--- PROBLEM ---
Reproduce exactly, and only, the lines of the material below running from the line bearing "Description : Blouse" through the line bearing "推进信息化和工业化深度融合。". Leave any pictures out.

--- MATERIAL SUPPLIED ---
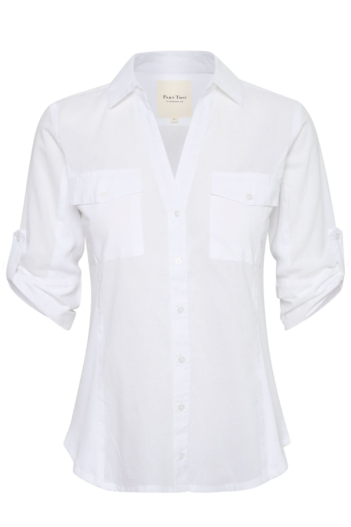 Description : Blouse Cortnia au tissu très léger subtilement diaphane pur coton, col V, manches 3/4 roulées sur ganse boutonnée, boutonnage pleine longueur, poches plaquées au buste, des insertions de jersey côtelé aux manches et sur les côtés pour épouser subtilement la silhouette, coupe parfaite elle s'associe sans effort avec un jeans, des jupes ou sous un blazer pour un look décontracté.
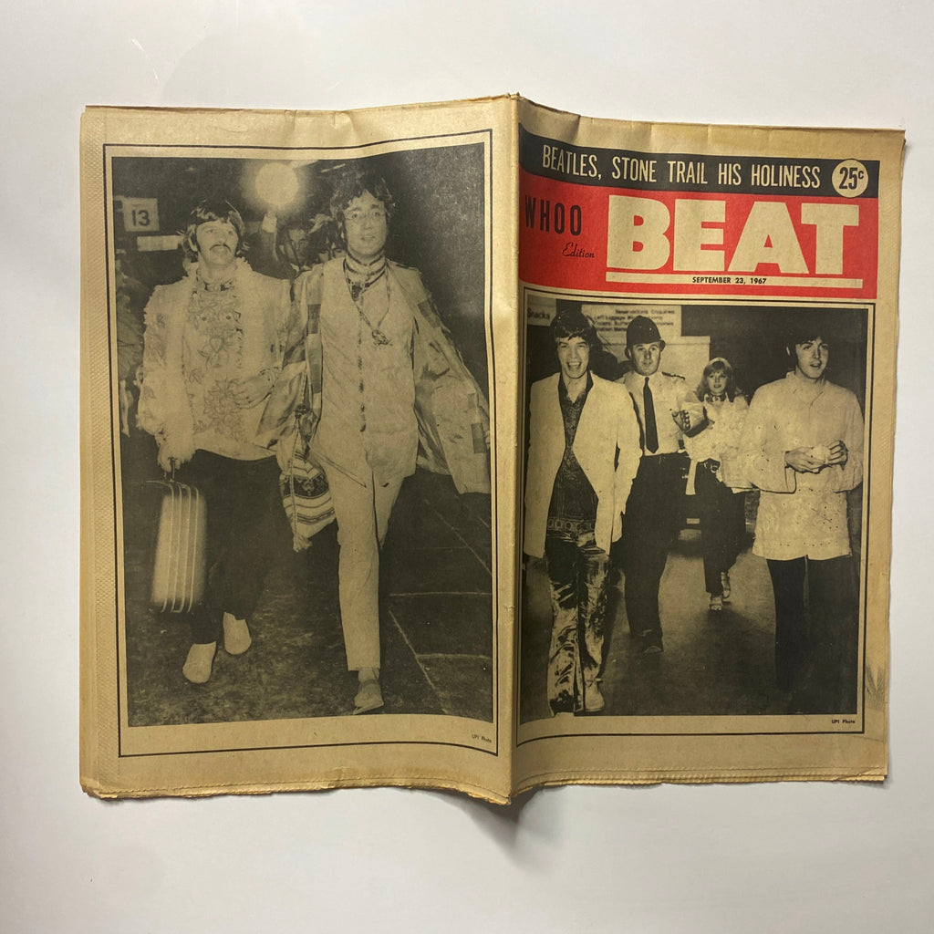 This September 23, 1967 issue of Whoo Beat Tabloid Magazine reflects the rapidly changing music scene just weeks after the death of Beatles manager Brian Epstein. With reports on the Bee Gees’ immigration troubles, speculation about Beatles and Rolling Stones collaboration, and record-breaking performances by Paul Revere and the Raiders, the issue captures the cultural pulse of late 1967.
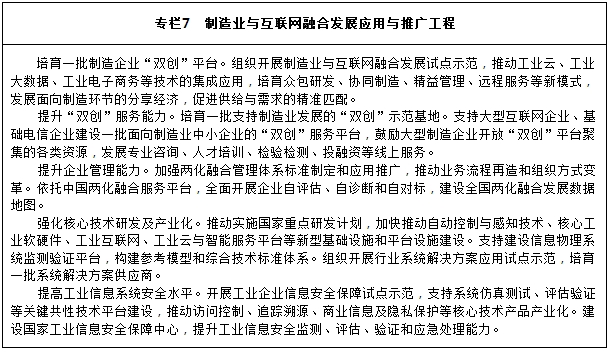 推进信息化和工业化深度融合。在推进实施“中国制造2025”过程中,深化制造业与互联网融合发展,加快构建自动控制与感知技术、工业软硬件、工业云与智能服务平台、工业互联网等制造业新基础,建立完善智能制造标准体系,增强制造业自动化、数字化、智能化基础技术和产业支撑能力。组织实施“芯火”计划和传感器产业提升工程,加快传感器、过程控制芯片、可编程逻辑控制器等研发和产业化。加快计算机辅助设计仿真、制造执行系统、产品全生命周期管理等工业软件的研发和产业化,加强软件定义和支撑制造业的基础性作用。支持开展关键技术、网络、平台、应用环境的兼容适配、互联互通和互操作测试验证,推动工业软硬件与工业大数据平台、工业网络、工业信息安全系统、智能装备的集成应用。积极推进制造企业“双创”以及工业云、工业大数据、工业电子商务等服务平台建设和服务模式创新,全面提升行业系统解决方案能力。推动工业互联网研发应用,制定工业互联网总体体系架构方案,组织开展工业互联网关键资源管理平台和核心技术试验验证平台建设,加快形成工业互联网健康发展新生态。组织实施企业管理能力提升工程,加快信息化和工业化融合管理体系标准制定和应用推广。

--

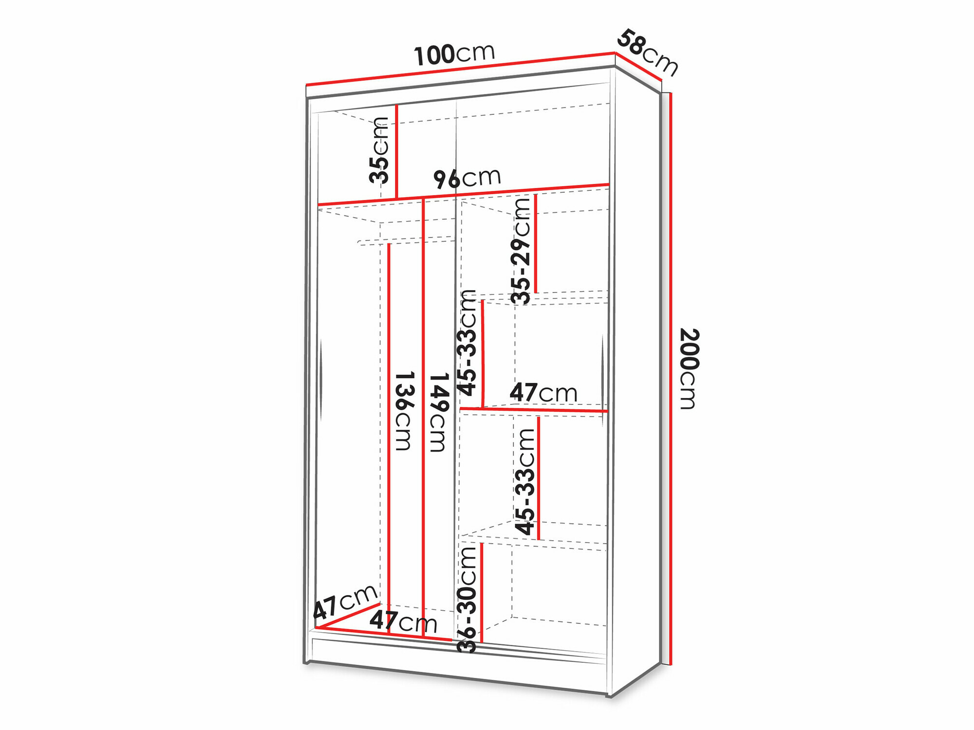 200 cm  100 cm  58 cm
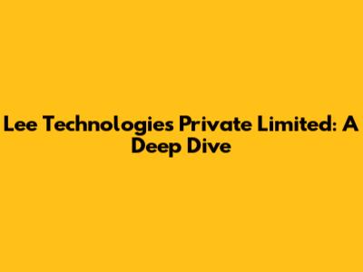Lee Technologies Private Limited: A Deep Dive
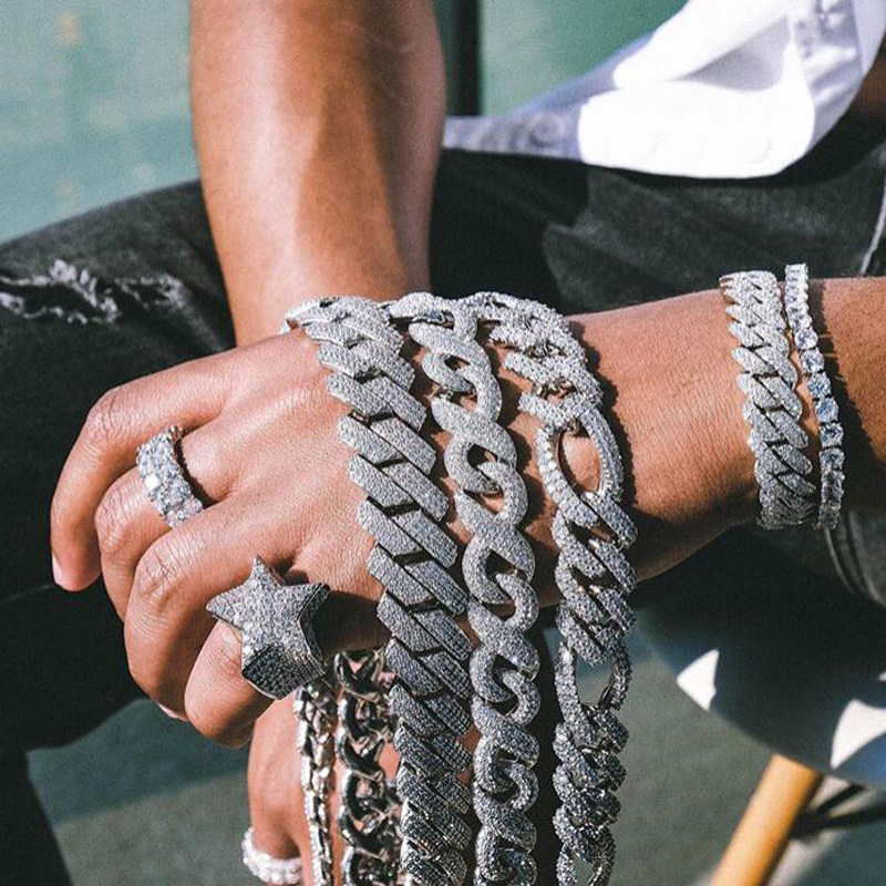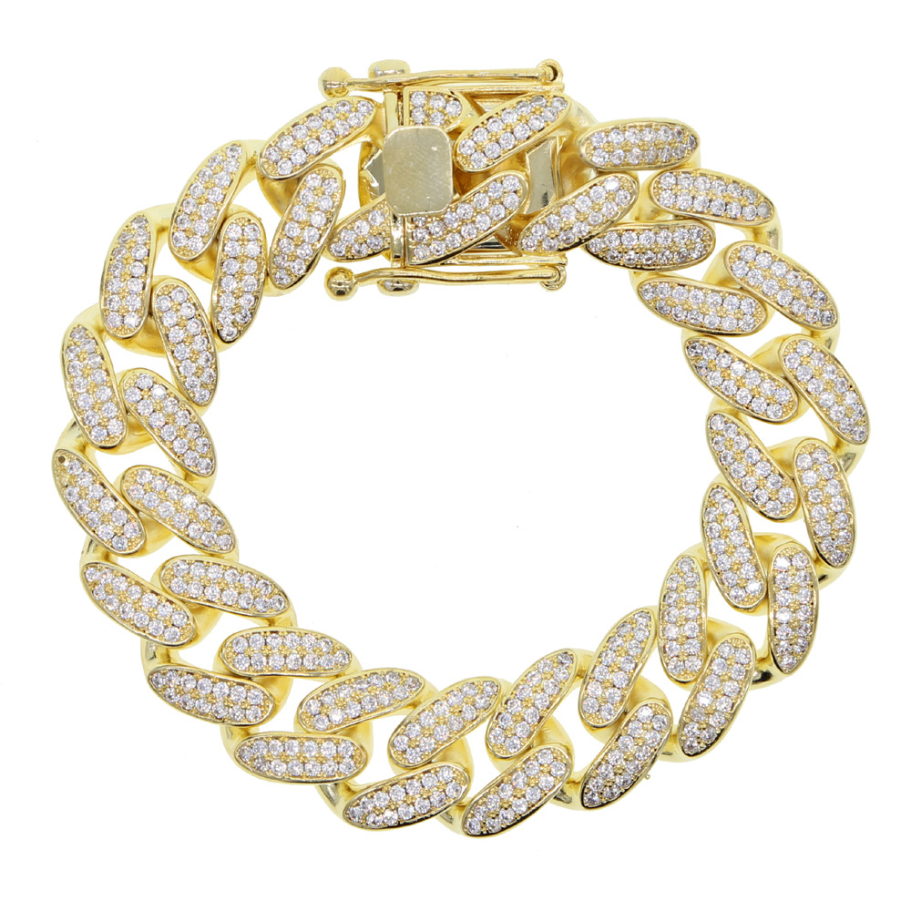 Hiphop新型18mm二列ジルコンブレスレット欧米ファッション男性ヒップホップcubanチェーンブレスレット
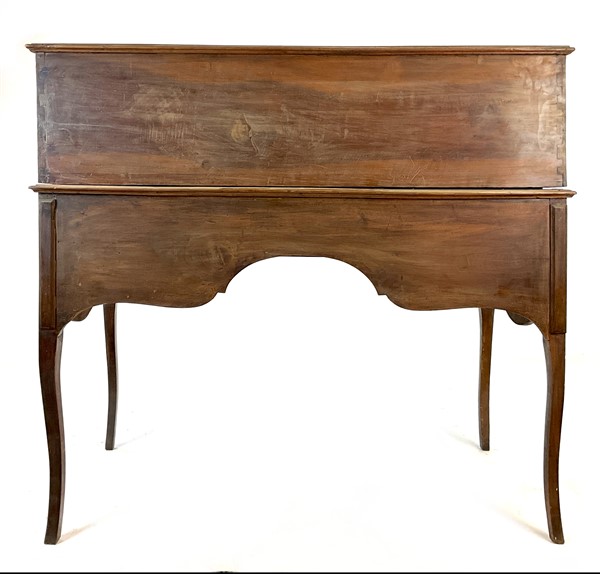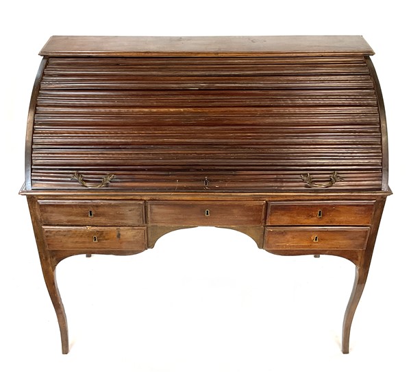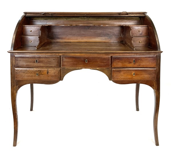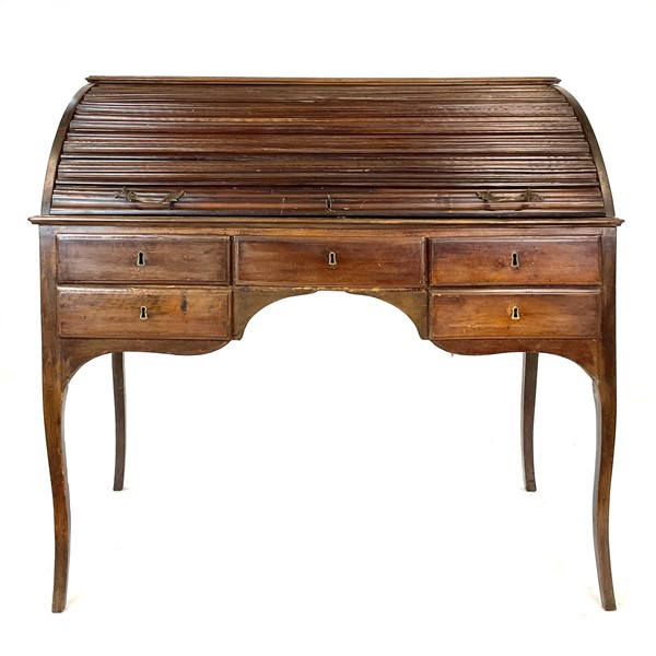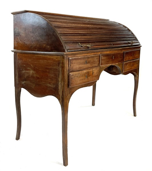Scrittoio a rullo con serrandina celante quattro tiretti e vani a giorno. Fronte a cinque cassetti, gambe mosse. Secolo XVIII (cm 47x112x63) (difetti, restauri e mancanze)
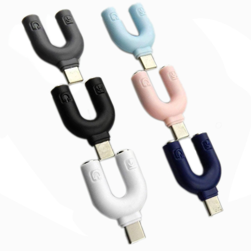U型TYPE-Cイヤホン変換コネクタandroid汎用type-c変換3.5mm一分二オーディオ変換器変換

* * *

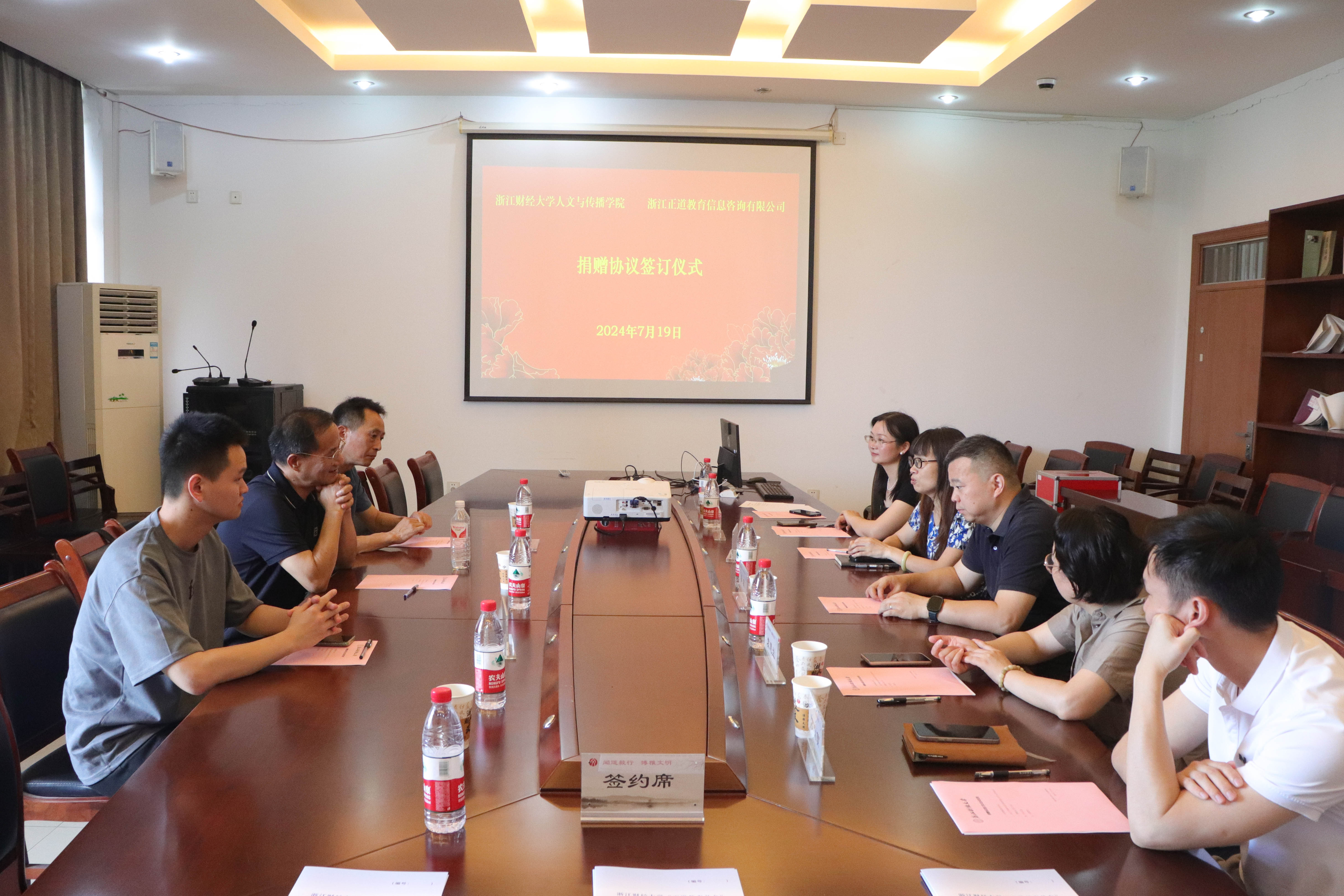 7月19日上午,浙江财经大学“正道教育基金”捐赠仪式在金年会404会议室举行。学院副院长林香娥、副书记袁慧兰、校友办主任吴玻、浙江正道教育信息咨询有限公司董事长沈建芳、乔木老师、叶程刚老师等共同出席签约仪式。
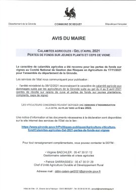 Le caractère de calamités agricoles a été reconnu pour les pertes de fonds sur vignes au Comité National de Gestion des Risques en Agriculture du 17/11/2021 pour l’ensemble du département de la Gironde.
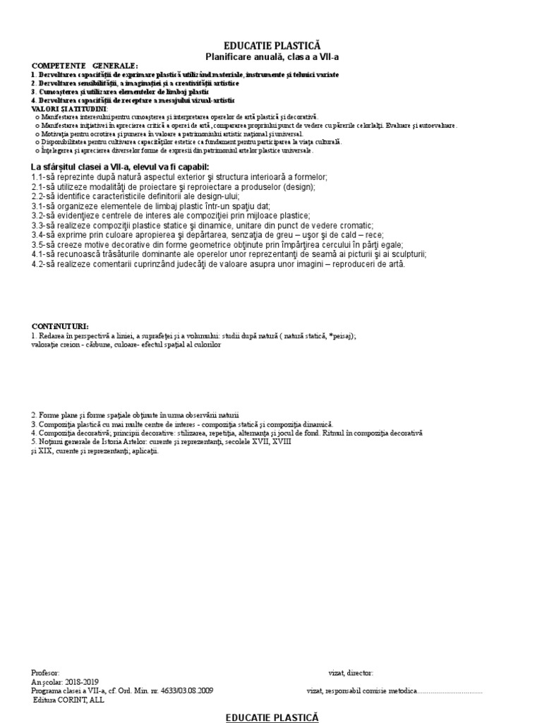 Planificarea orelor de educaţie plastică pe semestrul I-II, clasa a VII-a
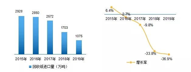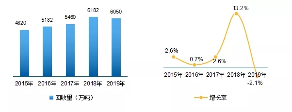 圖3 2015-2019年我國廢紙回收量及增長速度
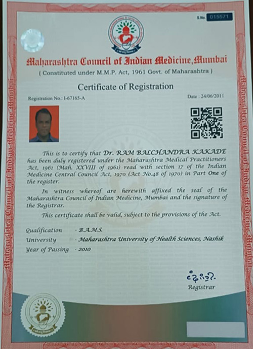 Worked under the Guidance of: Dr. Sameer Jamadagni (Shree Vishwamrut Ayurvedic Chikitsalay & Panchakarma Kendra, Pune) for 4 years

--- SOLUTION FOR THIS TASK ---
 Description : Blouse Cortnia au tissu très léger subtilement diaphane pur coton, col V, manches 3/4 roulées sur ganse boutonnée, boutonnage pleine longueur, poches plaquées au buste, des insertions de jersey côtelé aux manches et sur les côtés pour épouser subtilement la silhouette, coupe parfaite elle s'associe sans effort avec un jeans, des jupes ou sous un blazer pour un look décontracté.
 This September 23, 1967 issue of Whoo Beat Tabloid Magazine reflects the rapidly changing music scene just weeks after the death of Beatles manager Brian Epstein. With reports on the Bee Gees’ immigration troubles, speculation about Beatles and Rolling Stones collaboration, and record-breaking performances by Paul Revere and the Raiders, the issue captures the cultural pulse of late 1967.
 推进信息化和工业化深度融合。在推进实施“中国制造2025”过程中,深化制造业与互联网融合发展,加快构建自动控制与感知技术、工业软硬件、工业云与智能服务平台、工业互联网等制造业新基础,建立完善智能制造标准体系,增强制造业自动化、数字化、智能化基础技术和产业支撑能力。组织实施“芯火”计划和传感器产业提升工程,加快传感器、过程控制芯片、可编程逻辑控制器等研发和产业化。加快计算机辅助设计仿真、制造执行系统、产品全生命周期管理等工业软件的研发和产业化,加强软件定义和支撑制造业的基础性作用。支持开展关键技术、网络、平台、应用环境的兼容适配、互联互通和互操作测试验证,推动工业软硬件与工业大数据平台、工业网络、工业信息安全系统、智能装备的集成应用。积极推进制造企业“双创”以及工业云、工业大数据、工业电子商务等服务平台建设和服务模式创新,全面提升行业系统解决方案能力。推动工业互联网研发应用,制定工业互联网总体体系架构方案,组织开展工业互联网关键资源管理平台和核心技术试验验证平台建设,加快形成工业互联网健康发展新生态。组织实施企业管理能力提升工程,加快信息化和工业化融合管理体系标准制定和应用推广。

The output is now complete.